#### [Required work]
Write out again, unchanged, the line that has "- Die gepolsterten" and each following line through the end of the entries below; leave pictures out.

Stored data:
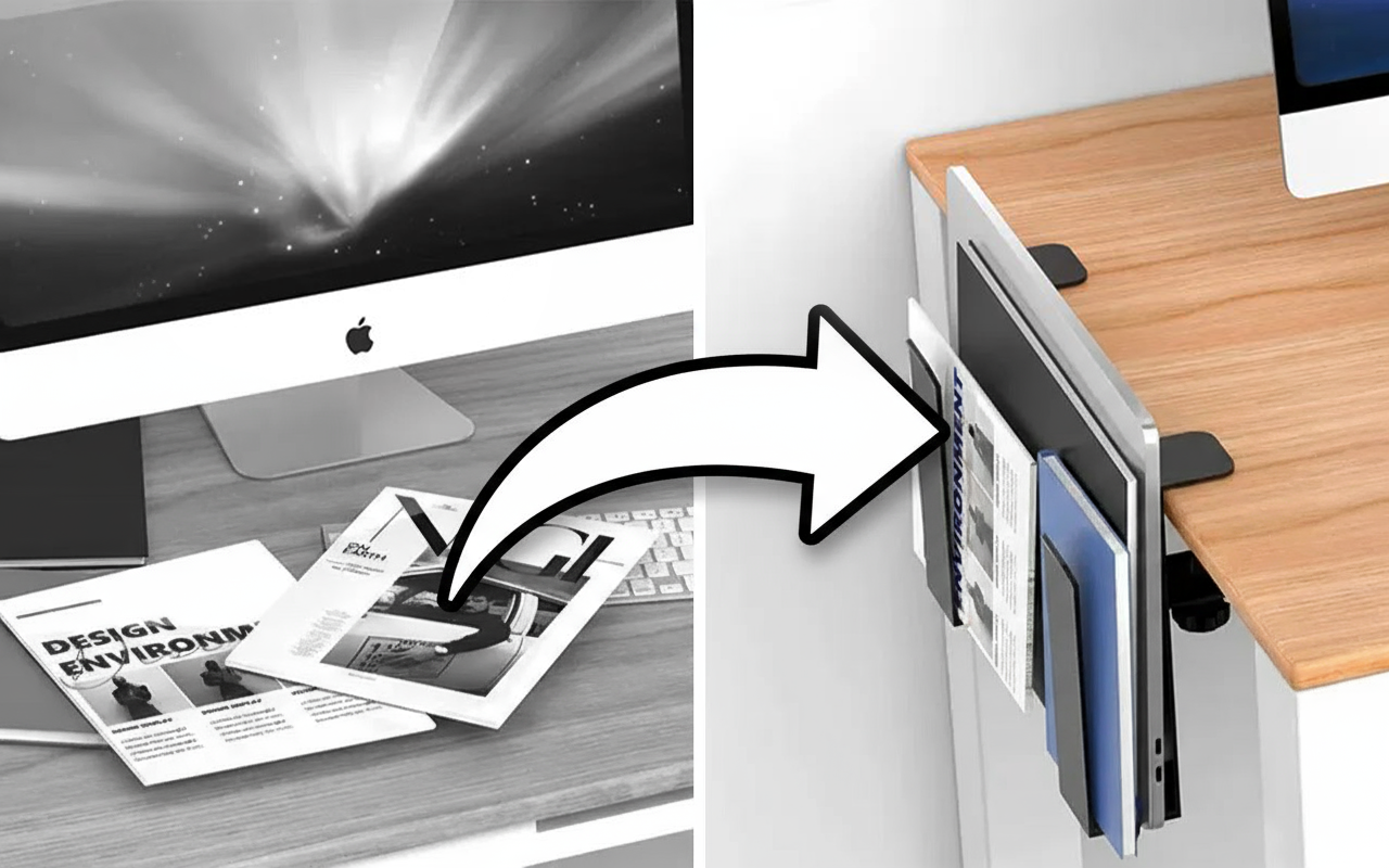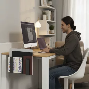 قلل الفوضى بسرعة باستخدام حامل ذكي بجانب مكتبك. استمتع بمساحة أكبر للعمل أو الكتابة دون تشتيت الانتباه.
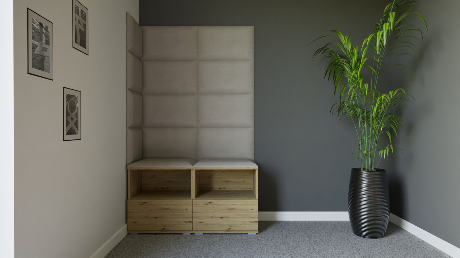 - Die gepolsterten Paneele bestehen aus 8 mm MDF-Platten, 3 cm T-21-Schaumstoff und Trinity-Veloursstoff
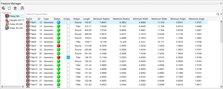 注: BatchMesher内で特定されたフィーチャーは、出力.hmファイルに保存されます。各パートの下にフィーチャーが整理されます。これらのフィーチャーは、Feature Managerからアクセスできます。
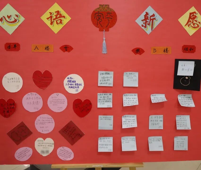 两墙相对,如心相望。春风拂过连廊,便签轻轻作响。
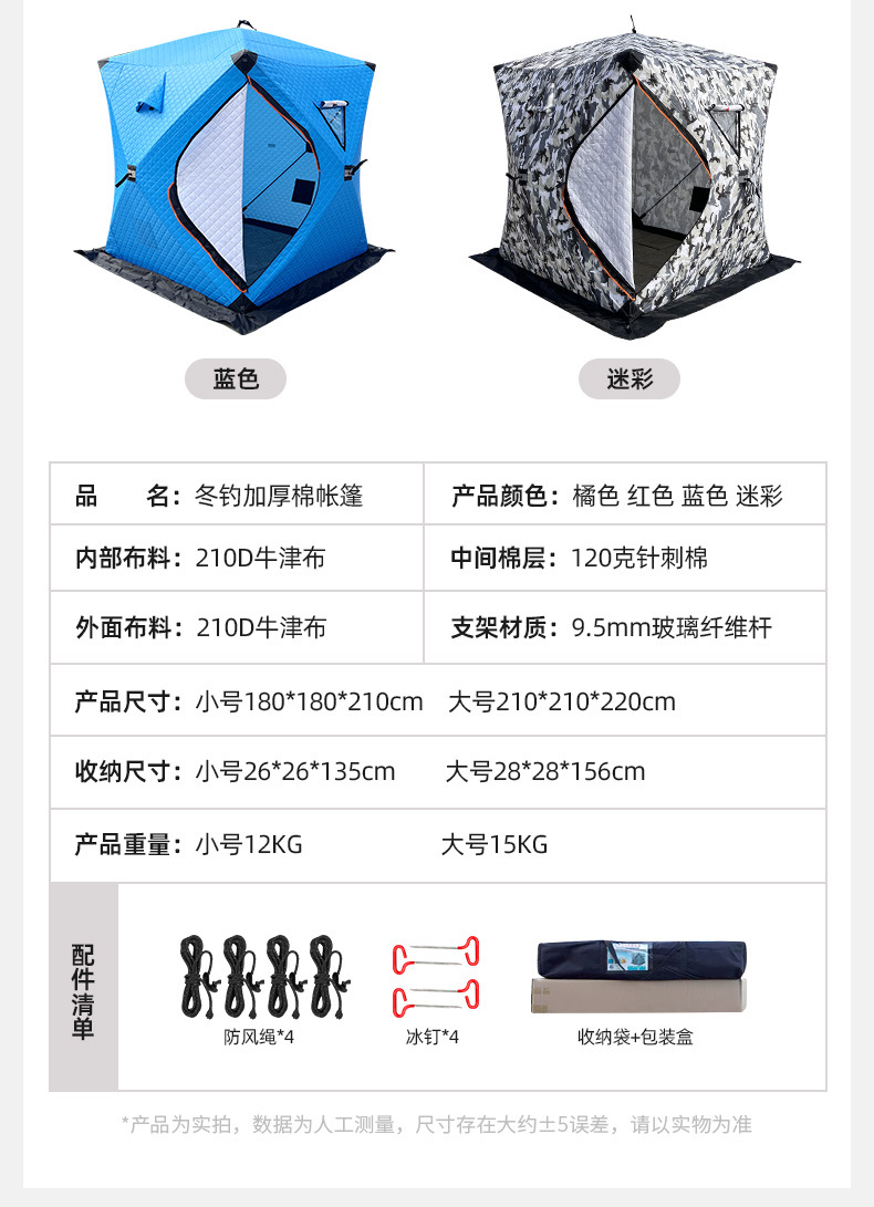 야외 겨울 낚시 텐트, 면 소재로 보온 및 두꺼워진 방한 기능, 다인용 눈낚시 하우스, 휴대가 간편한 사우나 겨울 낚시 텐트
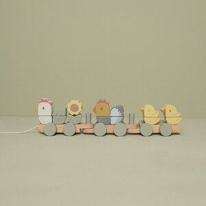 De mooie houten trein van Little Dutch is geïllustreerd met een kip en haar kuikentjes. Met de blokken in diverse vormen en kleuren kun je steeds andere kippen en kuikens maken. De trein bestaat in totaal uit 17 delen en is ± 40 cm lang. Dit speelgoed blijft leuk om mee te spelen en is tevens een leuke accessoire voor in de baby- of kinderkamer.

#### [Exercise result]
 - Die gepolsterten Paneele bestehen aus 8 mm MDF-Platten, 3 cm T-21-Schaumstoff und Trinity-Veloursstoff
 注: BatchMesher内で特定されたフィーチャーは、出力.hmファイルに保存されます。各パートの下にフィーチャーが整理されます。これらのフィーチャーは、Feature Managerからアクセスできます。
 两墙相对,如心相望。春风拂过连廊,便签轻轻作响。
 야외 겨울 낚시 텐트, 면 소재로 보온 및 두꺼워진 방한 기능, 다인용 눈낚시 하우스, 휴대가 간편한 사우나 겨울 낚시 텐트
 De mooie houten trein van Little Dutch is geïllustreerd met een kip en haar kuikentjes. Met de blokken in diverse vormen en kleuren kun je steeds andere kippen en kuikens maken. De trein bestaat in totaal uit 17 delen en is ± 40 cm lang. Dit speelgoed blijft leuk om mee te spelen en is tevens een leuke accessoire voor in de baby- of kinderkamer.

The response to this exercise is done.